**Required work:** Since the listing below shows pictures, leave them out and write out exactly the lines from the line with "Here’s the massif" to the line with "Die mattschwarze Silikon-Handyhülle", both included, and no others.

**Data extracts:**

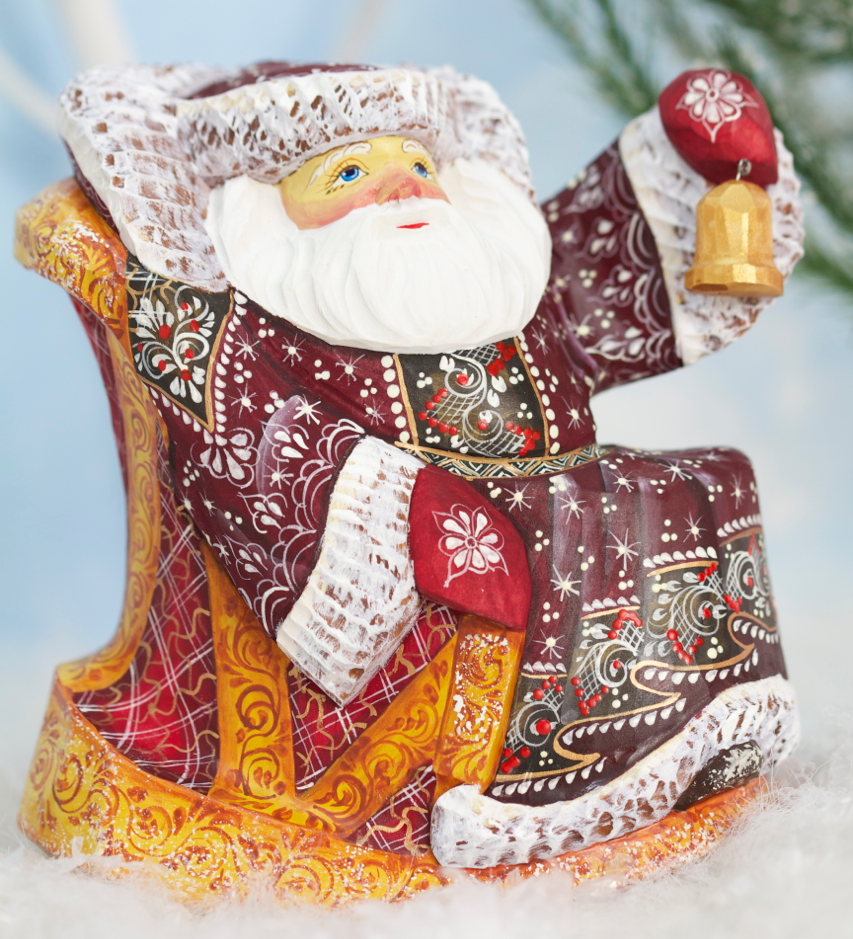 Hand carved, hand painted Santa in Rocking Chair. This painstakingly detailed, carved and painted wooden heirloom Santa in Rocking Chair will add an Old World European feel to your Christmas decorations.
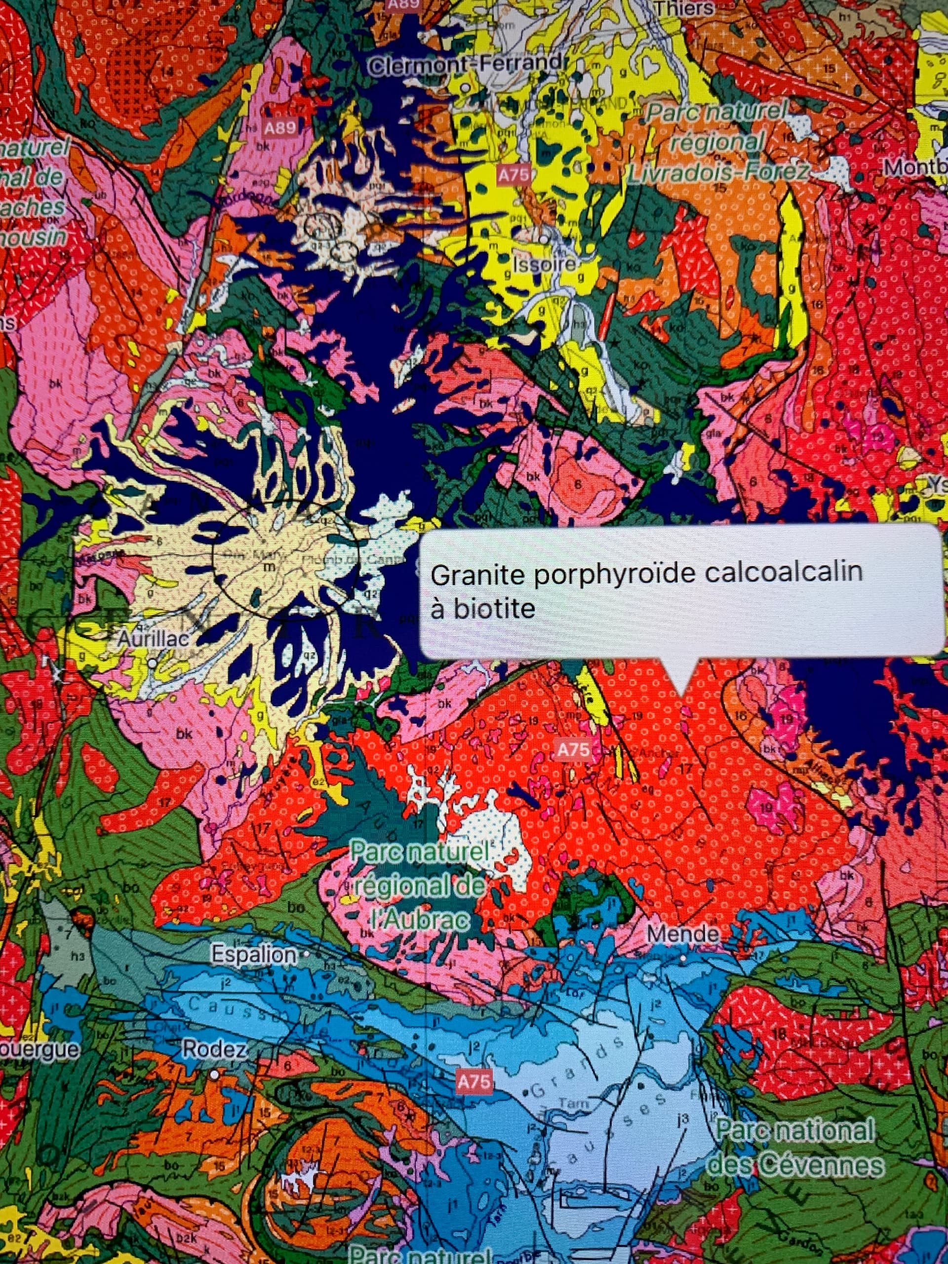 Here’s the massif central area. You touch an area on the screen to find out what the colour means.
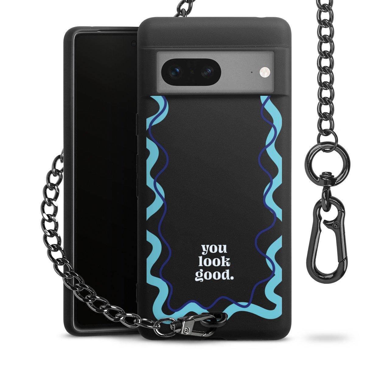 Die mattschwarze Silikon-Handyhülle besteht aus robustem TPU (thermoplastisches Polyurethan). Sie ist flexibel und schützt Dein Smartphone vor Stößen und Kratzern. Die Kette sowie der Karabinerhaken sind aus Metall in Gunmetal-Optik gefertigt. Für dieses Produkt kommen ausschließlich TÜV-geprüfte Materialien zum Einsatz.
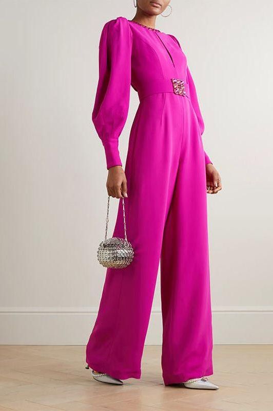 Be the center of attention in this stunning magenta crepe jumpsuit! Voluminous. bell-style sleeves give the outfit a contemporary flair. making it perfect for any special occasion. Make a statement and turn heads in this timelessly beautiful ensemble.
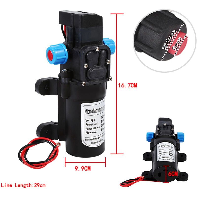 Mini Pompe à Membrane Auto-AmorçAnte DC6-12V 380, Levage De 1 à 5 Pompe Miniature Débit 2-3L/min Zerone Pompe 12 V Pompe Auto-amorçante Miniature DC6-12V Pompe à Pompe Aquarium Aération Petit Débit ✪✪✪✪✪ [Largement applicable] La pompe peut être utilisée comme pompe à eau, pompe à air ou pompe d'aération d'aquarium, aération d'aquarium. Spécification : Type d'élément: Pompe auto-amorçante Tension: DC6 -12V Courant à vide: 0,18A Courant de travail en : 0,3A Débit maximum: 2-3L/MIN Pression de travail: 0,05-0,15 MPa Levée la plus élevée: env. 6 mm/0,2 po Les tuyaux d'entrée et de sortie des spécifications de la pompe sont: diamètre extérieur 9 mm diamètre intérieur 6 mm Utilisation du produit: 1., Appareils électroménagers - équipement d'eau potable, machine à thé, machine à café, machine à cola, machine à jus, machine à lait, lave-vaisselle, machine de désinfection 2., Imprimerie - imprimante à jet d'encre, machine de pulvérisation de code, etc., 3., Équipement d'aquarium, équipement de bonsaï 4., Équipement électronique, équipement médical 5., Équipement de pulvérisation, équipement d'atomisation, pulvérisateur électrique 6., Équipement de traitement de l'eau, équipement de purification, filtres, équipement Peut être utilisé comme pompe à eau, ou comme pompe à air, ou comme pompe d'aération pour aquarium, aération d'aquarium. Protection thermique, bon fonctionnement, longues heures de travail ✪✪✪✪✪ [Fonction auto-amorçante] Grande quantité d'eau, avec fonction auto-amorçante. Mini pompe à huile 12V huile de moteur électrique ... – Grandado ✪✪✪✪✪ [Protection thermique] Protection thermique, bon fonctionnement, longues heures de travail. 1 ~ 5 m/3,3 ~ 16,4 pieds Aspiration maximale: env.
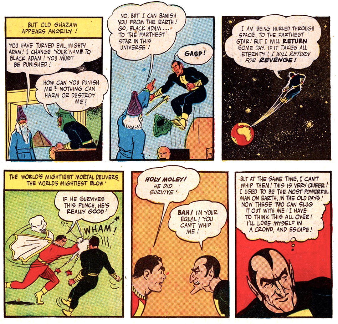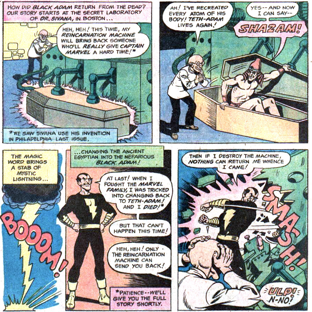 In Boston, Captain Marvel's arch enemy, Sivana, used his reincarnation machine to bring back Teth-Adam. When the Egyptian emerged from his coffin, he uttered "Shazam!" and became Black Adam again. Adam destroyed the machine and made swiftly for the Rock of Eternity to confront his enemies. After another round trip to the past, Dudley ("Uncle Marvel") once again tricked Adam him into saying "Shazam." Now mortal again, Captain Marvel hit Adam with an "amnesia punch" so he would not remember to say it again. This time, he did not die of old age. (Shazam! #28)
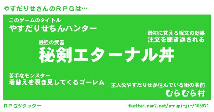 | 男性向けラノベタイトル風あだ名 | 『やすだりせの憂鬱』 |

**The completed task:**
 Here’s the massif central area. You touch an area on the screen to find out what the colour means.
 Die mattschwarze Silikon-Handyhülle besteht aus robustem TPU (thermoplastisches Polyurethan). Sie ist flexibel und schützt Dein Smartphone vor Stößen und Kratzern. Die Kette sowie der Karabinerhaken sind aus Metall in Gunmetal-Optik gefertigt. Für dieses Produkt kommen ausschließlich TÜV-geprüfte Materialien zum Einsatz.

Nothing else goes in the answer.